Cette relecture télévisée du célèbre mythe cache derrière son apparente fidélité au texte de Stoker quelques écarts surprenants…
Depuis que le cinéma existe ou presque, le comte Dracula tel qu’il fut dépeint par Bram Stoker en 1897 vient régulièrement faire son apparition sur les petits ou les grands écrans du monde entier, comme s’il était naturel que cette créature de la nuit s’invite sans cesse auprès des spectateurs, à la manière d’un animal soumis à un rythme de vie cyclique. Deux ans après l’excessif Van Helsing de Stephen Sommers, six avant la relecture bizarre de Dario Argento, Granada et la BBC initient ainsi une nouvelle variante autour d’un mythe connu. C’est donc pour la télévision qu’est conçu ce Dracula, scénarisé par Stewart Harcourt et réalisé par Bill Eagles. Les deux hommes sont des habitués du petit écran. Harcourt est en effet l’auteur de plusieurs épisodes de Miss Marple et Hercule Poirot et Eagles metteur en scène pour Les Experts, Cold Case et Numb3rs. Mais comment raconter une nouvelle fois une histoire déjà portée des centaines de fois à l’écran tout en s’efforçant de surprendre le public ? S’il refuse de moderniser le mythe pour conserver son cadre historique, le Dracula de 2006 ne cherche pas pour autant la fidélité absolue à sa source littéraire. C’est à un exercice d’équilibre intéressant que se livre donc ce téléfilm.
Nous sommes 1899. Peu après s’être fiancée à Lucy Westenra (Sophia Myles), Lord Arthur Holmwood (Dan Stevens) découvre qu’il est atteint de la syphilis, ce qui est tout de même assez ballot. Non contente de mettre en péril son mariage, cette maladie pourrait bien être fatale (pour lui et pour sa fiancée). En désespoir de cause, il entre en contact avec un groupe occulte, la Fraternité, dirigé par un certain Alfred Singleton (Donald Sumpter). Ce dernier prétend connaître quelqu’un qui peut le soigner, mais rien n’est gratuit en ce bas-monde. Ce quelqu’un, c’est l’énigmatique comte Dracula (Marc Warren) qui vit quelque part dans les montagnes de Transylvanie. Or la meilleure amie de Lucy, Mina Murray (Stephanie Leonidas), est fiancée à l’avocat Jonathan Harker (Rafe Spall) qui est engagé par Holmwood pour vendre plusieurs propriétés à Dracula. Le jeune homme se met donc en route pour la Transylvanie, ignorant bien sûr que l’homme qu’il s’apprête à rencontrer est en réalité un vampire vieux de neuf cents ans.

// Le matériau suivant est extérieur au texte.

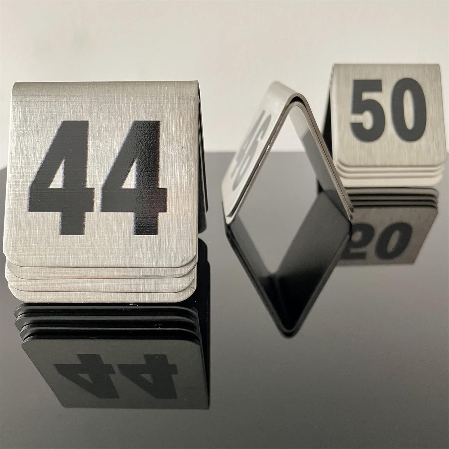 • The tent-style design makes the place cards more stable, easy storage.The double-sided numbers are easy to find, and the stainless steel material is hard to damage,never rust.Maintenance is simple, wash with water or wipe with cloth.
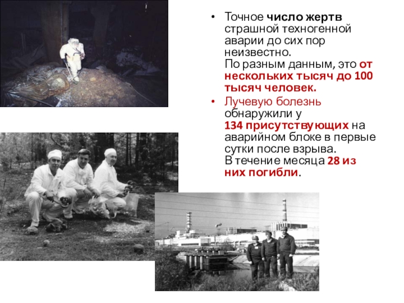 Слайд 17Точное число жертв страшной техногенной аварии до сих пор неизвестно.
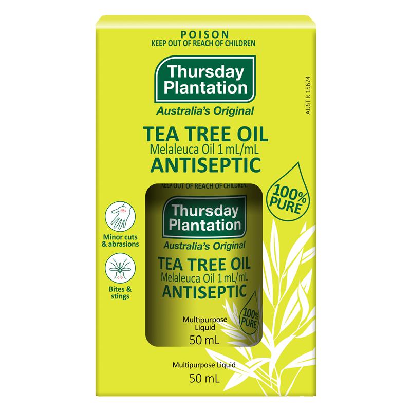 Thursday Plantation Tea Tree Oil is Australia’s natural antiseptic, distilled from the leaves of the Melaleuca alternifolia, a plant native to the coastal regions of northern New South Wales and southeastern Queensland. This 100% pure and natural essential oil is a powerful antiseptic, known for its ability to inhibit a wide range of bacteria and fungi, and is effective in cleansing and protecting skin abrasions.
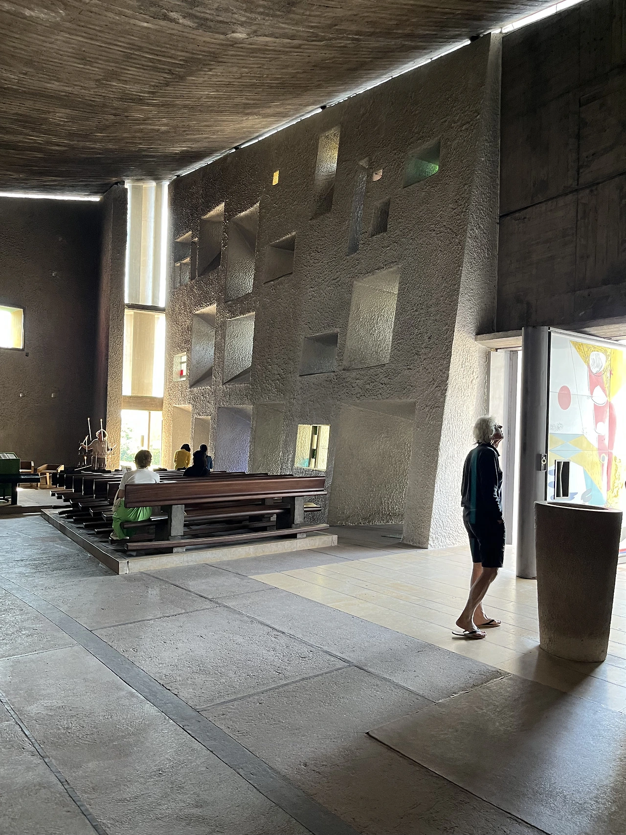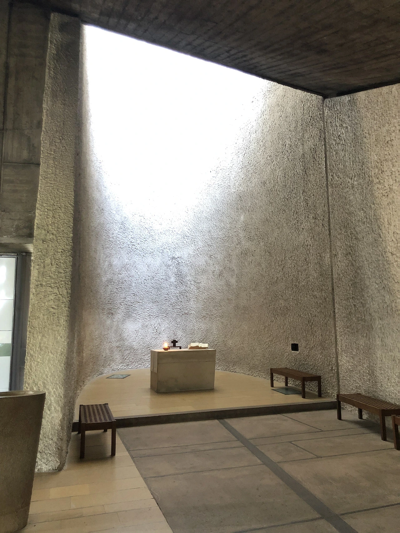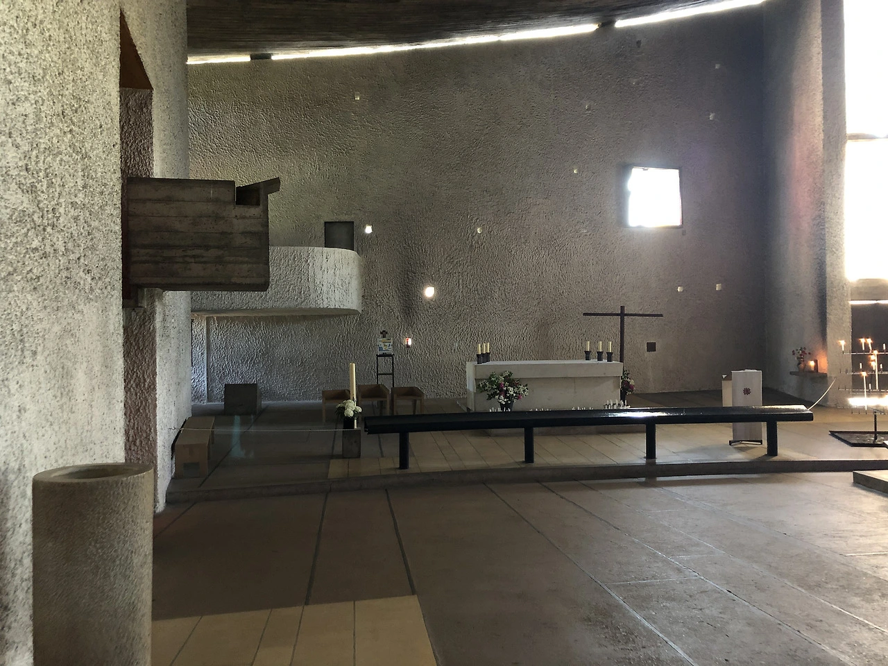 건물의 내부는 노출 콘크리트를 좋아했던 르 코르뷔제의 취향대로 스위스의 자연 날 것 그대로인 듯 거친 노출 콘크리트로 마감되어 있으며 대부분의 성당 건축에서 가장 신경 쓰는 부분 중 하나인 단상에서의 울림이 좋습니다. 크지 않고, 막힘이 없는 내부 구조이지만 구석구석 르 코르뷔제의 특징적인 기하학적 빛을 느껴볼 수 있는 곳도 있습니다.
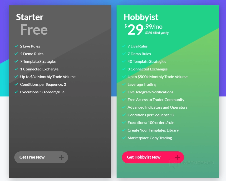 - Hobbyist ($29.99 в месяц или $359 в год). Пользователям доступны 7 живых и 7 демо-правил, 40 готовых стратегий и возможность подключить до 3 бирж. Объем торговли увеличен до $500,000 в месяц, а также добавлены уведомления через Telegram.
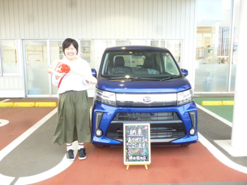 お客様の声「心から楽しみにしていた納車の日、朝からとってもわくわくしていました。とても丁寧に説明してくださって乗る心の準備ができました。今日から大切に乗ります‼」お車をとても気に入っていただけうれしく思います。ムーブカスタムでたくさんの思い出を作ってください。担当 住谷
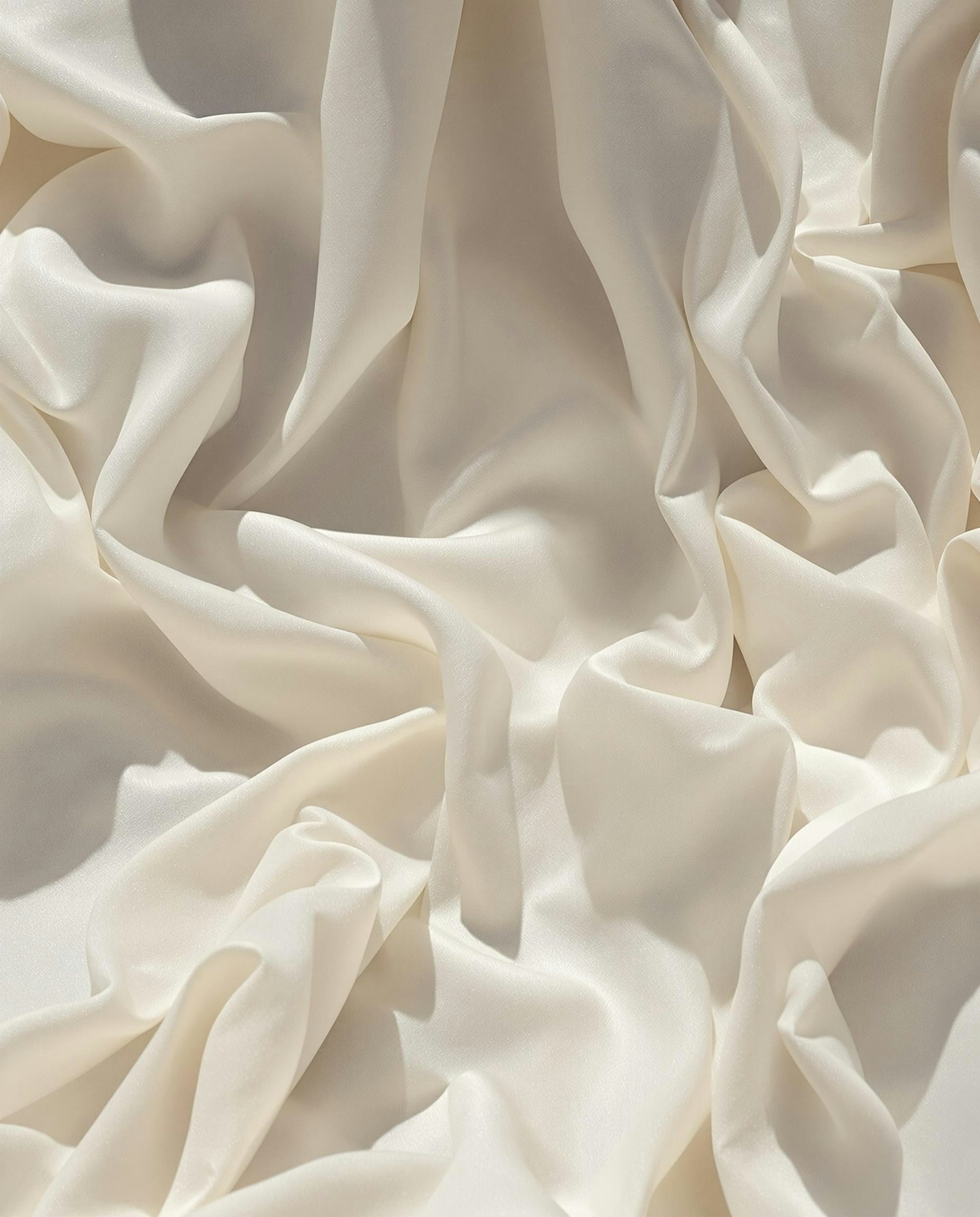 Luxurious cream-colored fabric with a silky texture, arranged in soft folds, creating a dynamic play of light and shadow.
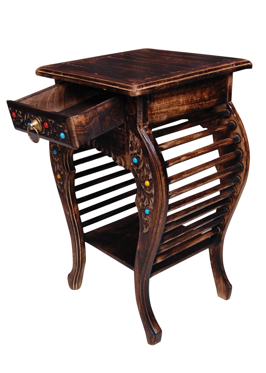 Grahshilp Furniture and Decoration Bedside Table (Brown)
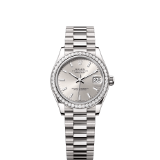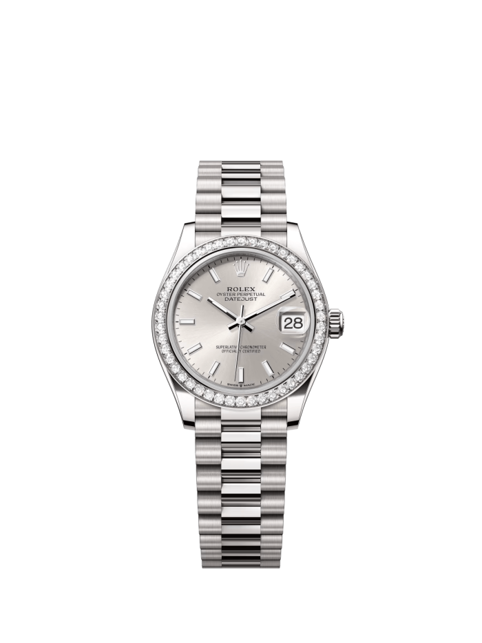 The Oyster Perpetual Datejust 31 is available in 18 ct white gold with a silver dial and a President bracelet. -m278289rbr-0012
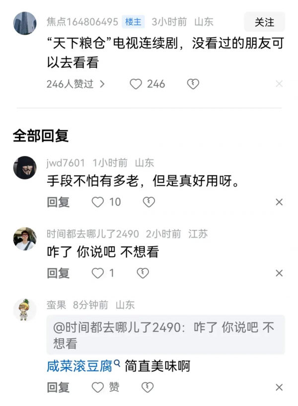 有网友给出答案是看过"天下粮仓"电视连续剧吗?
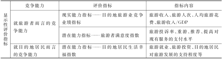 综上所述,本文所构建的旅游目的地竞争力评价指标体系共包含分析性指标和显示性指标两套指标。就旅游者而言的竞争力能力可以通过分析性指标和显示性指标共同衡量;就目的地居民而言的竞争能力仅通过显示性指标衡量,这是因为目的地居民生活质量的提升受诸多因素的影响,旅游发展仅仅是其中之一,此处对其分析性指标不作涉及。
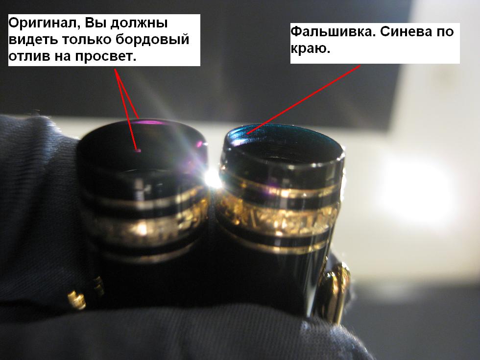 Несмотря на то, что внутренняя поверхность колпачка, на просвет, была "бордоватого" отлива, край колпачка всё же, на просвет, выдал фальшивку синюшным отливом.
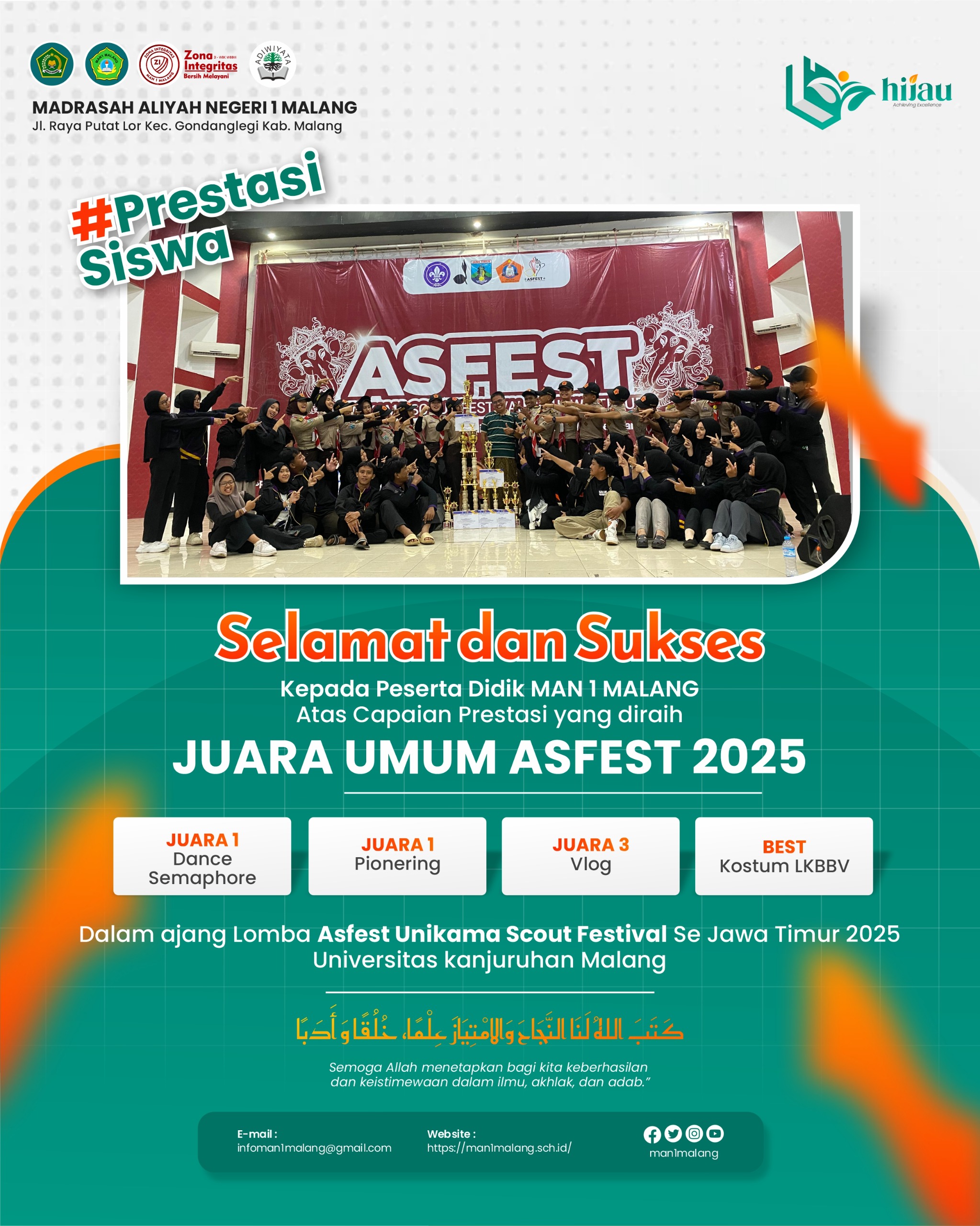 Kab. Malang (MAN 1 Malang) — Kabar membanggakan kembali datang dari Pramuka MAN 1 Malang yang dikenal dengan nama PRAPANCA (Pramuka Pati Unus Putri Campa). Dalam ajang bergengsi Asfest Unikama Scout Festival Se-Jawa Timur 2025 yang diselenggarakan di Universitas Kanjuruhan Malang, kontingen MAN 1 Malang berhasil menorehkan prestasi gemilang dengan meraih Juara Umum ASFEST 2025. Kegiatan yang diikuti oleh berbagai...Read More

Maladies honteuses et sociétés secrètes
Le scénario de Stewart Harcourt présente ainsi l’originalité de coller de près au roman de Bram Stoker et à ses péripéties tout en éclairant plusieurs aspects sous un jour inattendu. C’est non sans surprise que nous voyons certains personnages secondaires passer au premier plan ou des problématiques liées à l’époque intégrées effrontément au récit. La syphilis devient ainsi l’élément déclencheur de l’aventure et les sociétés secrètes s’invitent dans l’intrigue. Ces remaniements intéressants font tout le sel de cette nouvelle version. Côté casting, l’élégance et le charisme sont de mise, avec en prime un Abraham Van Helsing campé par le vénérable David Suchet (l’indéboulonnable interprète d’Hercule Poirot dans une série fleuve qui se sera déployée entre 1989 et 2013). Dommage en revanche que le rôle de Dracula ait été confié à Marc Warren qui, malgré son talent, n’a ni la présence physique ni le magnétisme nécessaires pour entrer pleinement dans la peau du personnage. À cette – importante – réserve près, le Dracula de Bill Eagles est à marquer d’une pierre blanche, notamment grâce à son regard « frais » sur une histoire tant de fois contée et à ses écarts audacieux.